Maryland Serial Podcast
Posted at 3:21 PM, Jan 10, 2023
and last updated 2023-01-11 08:45:19-05

BALTIMORE — A new development in the case of Adnan Syed.

Newly sworn in Maryland Attorney General Anthony Brown filed a motion on January 9 asking the State Appellate Court to order a new vacatur hearing.

Back in September a Baltimore City Circuit Court judge threw out Syed's life sentence for the 1999 murder of his ex-girlfriend Hae Min Lee, at the request of former Baltimore City State's Attorney Marilyn Mosby.

The following month prosecutors declined to refile any new charges citing a lack of evidence, making Syed a free man.

Young Lee, the victim's brother, has since claimed the hasty decision to release Syed from prison violated his rights.

The judge overseeing the case refused to allow Lee, who lives in California, the time to appear in person for the hearing.

His lawyers say Mosby's office gave only one business-day’s notice, leaving Lee no chance to properly review and challenge the state's new evidence.

In November an appeals court agreed to hear Lee's case next month.

RELATED:Lee family attorney seeks new hearing on overturned Syed conviction

The court ordered both sides to answer these three questions before the hearing.

1. Did the entry of the nolle prosequi render this appeal moot?
2. Even if the appeal is moot, should the Court exercise its discretion to issue an opinion on the merits?
3. Did the notice that [Lee] received in advance of the Circuit Court’s vacatur hearing comply with applicable constitutional provisions, statutes, and rules?

In their latest filing, the Maryland Attorney General's Office agreed with Lee's attorneys that the dismissal of charges does not make an appeal moot.

The AG goes onto characterize the hearing which vacated Syed's conviction as "legally defective."

"Because the nolle prosequi was a legal nullity in the wake of the defective vacatur hearing, this appeal is not moot," the Attorney General's Office wrote.

Despite Lee's wish to have the entire decision of Syed's release revisited, their main goal appears to have the court hear the merits of the case so what happened to them never happens again to another victim or their family.

Although the Attorney General's Office appears to echo that in their motion, they urged the court to use their discretion in ruling on the merits.

"If the controversy in this case is moot, it concerns unresolved issues in matters of important public concern that, if decided, will establish a rule for future conduct.
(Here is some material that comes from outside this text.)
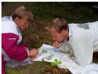
Vägvalsbekymmer i sommartider

Välkomna! Tävlingsledningen och Styrelsen
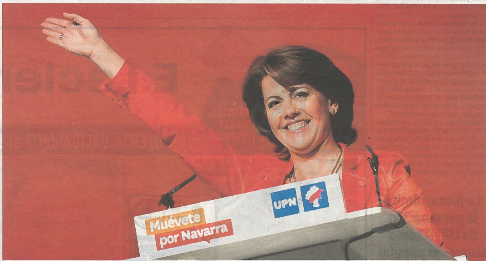
Yolanda Barcina, en el mitin central de UPN de las elecciones autonómicas de mayo de 2011.

En UPN son conscientes de que la falta de sintonía con los socialistas les condena a sufrir en el Gobierno y quien sabe si a perderlo si persiste el desencuentro.

In particular, this case raises unresolved issues about victims’ rights to notice of, and attendance at, vacatur hearings," the Attorney General's Office wrote.

On the third question Lee's Family and the Attorney General's Office agree in part and differ on others.
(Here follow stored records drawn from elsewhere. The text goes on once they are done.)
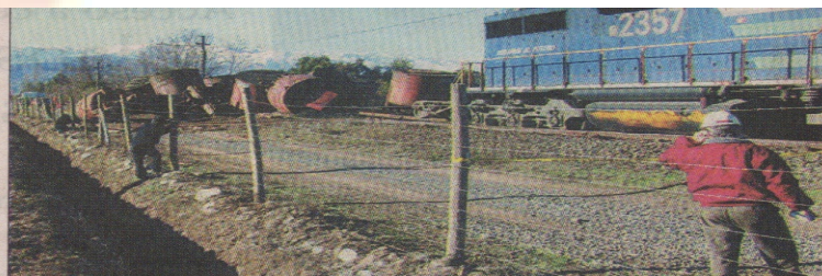
SABOTAJE. — Desconocidos provocaron el volcamiento de un convoy cargado con concentrado de cobre, que se dirigía a la refinera de Ventanas.
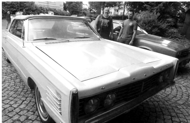
Lefi, zeť Kuba a jejich Ameriky

SEDLČANY V pátečním podvečeru o Rose se na parkovišti u kulturního domu před Besedou objevily dva osobní automobily, které se hodně vyjímaly mezi
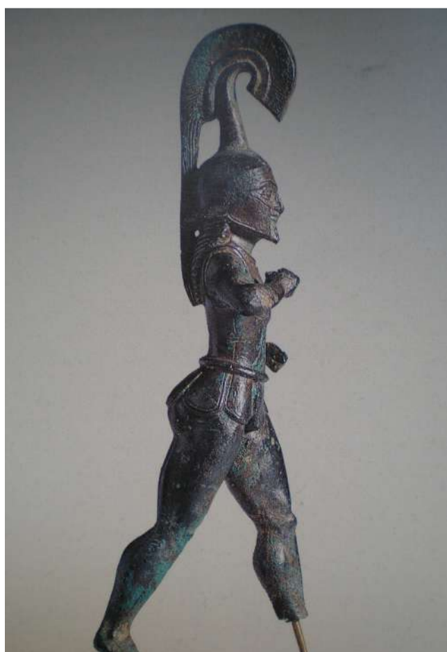
Εικ. 2 Χάλκινο αγαλμάτιο πολεμιστή του 6ου π.Χ. αι.
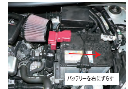
アダプターにフィルターを取り付けます。フィルターとのクリアランスが無いので、バッテリーを右にずらしてください。
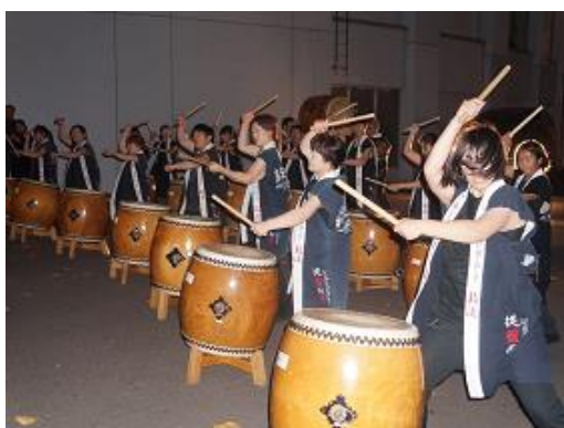
羊蹄太鼓の演奏によるお出迎え(ホテル正面玄関前)

While the Attorney General's Office concurred with Lee that his ability to make an impact statement was compromised, they disagreed with his request to present evidence and witnesses.

"The State cannot agree with Lee that he was denied any right to present evidence, call witnesses, and challenge the state’s evidence and witnesses," the Attorney General's Office opined. "No such victim’s rights exist in connection with the vacatur statute. Maryland law is clear that neither a victim nor a victim’s representative is a party to a criminal or juvenile proceeding."

Meanwhile attorneys for Syed called Lee's request "unprecedented."

"Victims do not prosecute charges, they do not decide which witnesses to call, and they do not cross-examine those witnesses," Syed's attorney's wrote. "Giving Appellant what he wants will not just result in the re-imprisonment of Mr. Syed for a crime he did not commit, it will wreak havoc on our criminal justice system."

They also disputed the Attorney General's opinion that despite a nolle prosequi, the case is not moot.

"It is moot because there is no underlying case left in which to order a remand and because the nolle prosequi occurred after Appellant noted his appeal and thus is not part of the judgment under review," Syed's attorney's wrote.

The Appellate Court is scheduled to hear the case on February 2.